Monowave locks platforming powers behind emotions
The first guardian is dead, and the emotions have scattered. In Monowave you’re the newly-born second guardian, and you must use the emotions’ own powers to reunite them and bring peace back to the land.
Monowave is a platform puzzle game which revolves around switching emotions to navigate through increasingly complex levels and worlds. However, unlike most platformers out there that dabble with interchangeable powers, you can only have one active at once, and those same emotions also fuel the obstacles that block your quest.
Before we get into that though, it’s probably best to define the emotions. Happiness turns things yellow, and when you’re in possession of the emotion you can jump higher than normal. Sorrow turns things blue, and allows you to swim but also to shrink down to a smaller size (get low). Anger allows you to wall jump, and turns you — and the other creatures it infects — red. Finally, Anxiety turns things green and, perhaps most critically of all of the emotions, it makes you immune to damage.

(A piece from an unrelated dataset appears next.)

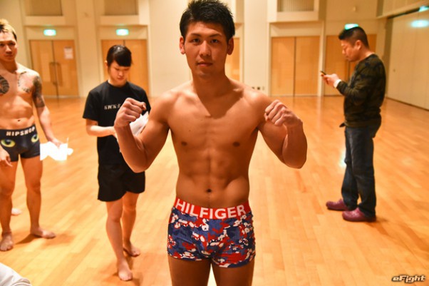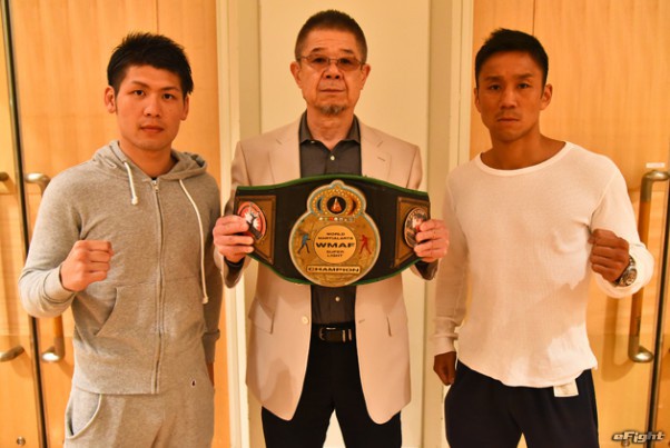 WMAF世界スーパーライト級王座決定戦で対戦する恭士郎(右)と石田勝希(左)。中央は4月1日付けでMA日本キックの代表に就任した小島保則氏

With that explained, hopefully you’re starting to get a picture of a level layout. You might need to carefully evade enemies until you gain a power that allows you to traverse a route around (or through) them. But, if you can’t beat them, then you certainly can join them by converting them to the colour that you are — pacifying most monsters, but also changing the way you interact with them. For instance, if you change a red alligator to green then it’ll launch you — if you’re yellow — into the air.

There’s a beautiful simplicity to Monowave which, when paired with it’s almost chalk-drawing art style, really matches the clever use of colour and sound. Even the boss fight, which I experienced while at Devcom earlier this year, had a really satisfying, welcoming approachability to it that made it hard to walk away from.
Monowave is expected to launch later this year for both Windows and Mac.